Beahm’s sixth book on the 51-year-old horror meister — his last will be a price guide of King collectibles — may add misery to King’s life since it’s unauthorized and, some would argue, exploits his celebrity. Readers can decide for themselves whether photographing King’s mansion from a chartered airplane is going too far.
But Beahm reveres King’s many gifts, especially his philanthropy. Some of the pet projects mentioned are the Shawn Trevor Mansfield Baseball Complex ($1.2 million), the Bangor Public Library renovation ($2.5 million in matching funds), the less publicized $29,000 King handed over to the Pine Tree Chapter of the American Red Cross and the $40,000 to UMaine’s National Poetry Foundation.
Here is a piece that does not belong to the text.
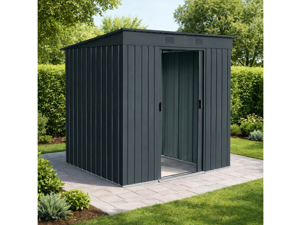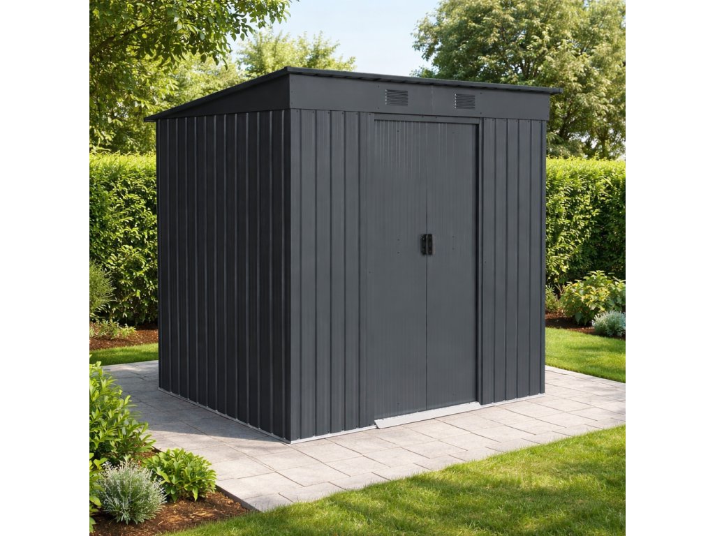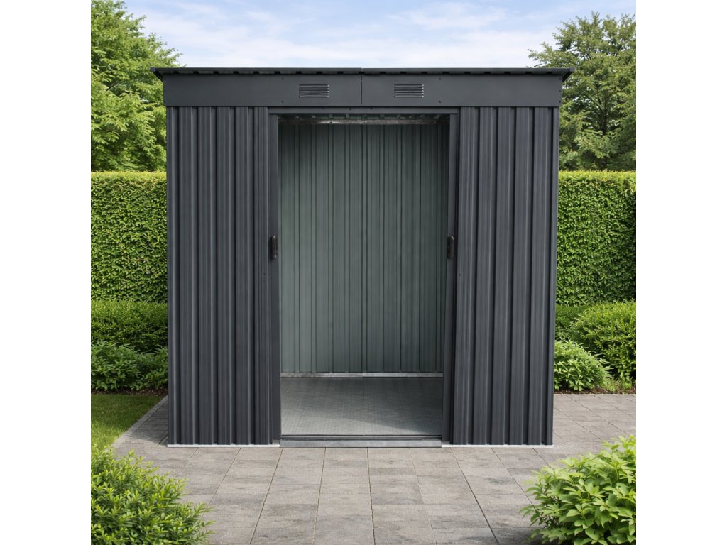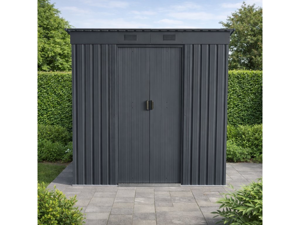 Zdravé prostredie a variabilné využitieModerné kovové vyhotovenie v antracitovej farbe je doplnené vetracími otvormi, ktoré podporujú prirodzenú cirkuláciu vzduchu a pomáhajú obmedzovať vznik vlhkosti vo vnútri domčeka. Vďaka tomu zostáva uložené vybavenie lepšie chránené pred kondenzáciou a zatuchnutým prostredím. Domček môžete využiť ako:

Beahm’s book will appeal most to devotees of King’s many novels and film adaptations (a few worthy, most truly horrid), but it’s a friendly road map for anyone else who ever wondered if Salem’s Lot is a real place (King’s hometown of Durham may have been the novel’s inspiration); if Pet Sematary ever existed (it was located in Orrington, where the Kings rented a home); or whether there really is a gleaming white water tower in Derry (the Thomas Hill Standpipe in Bangor looms large in the opus “It”).
While the book is fun, the text is cobbled together from too many news clippings; whatever other sources Beahm uses are known only to himself. Many ancedotes are well-worn, such as the one about King’s wife, Tabitha, fishing her husband’s manuscript out of the trash and fostering its publication as the debut novel “Carrie.” There’s also the tale, retold with a typical lack of attribution, of how King cut a deal with the late Stanley Kubrick, who directed the Hollywood version of King’s blockbuster “The Shining,” and, along with his studio, owned the screenplay’s rights. Stop dissing my movie, Kubrick reportedly told King, and you’re free to make your own TV version.
Black and white photos, many taken by the Bangor Daily News, show numerous Maine haunts as well as King as a high school senior, a high school teacher, and a smiling, newly published author. He is more hairy and certainly more relaxed than in later pictures. One chapter pictures Western locales, including the Stanley Hotel in Estes Park, Colo., which inspired “The Shining”; and mentions Gatlin, Neb., whose desolate corn fields suggested the 1978 short story “Children of the Corn.”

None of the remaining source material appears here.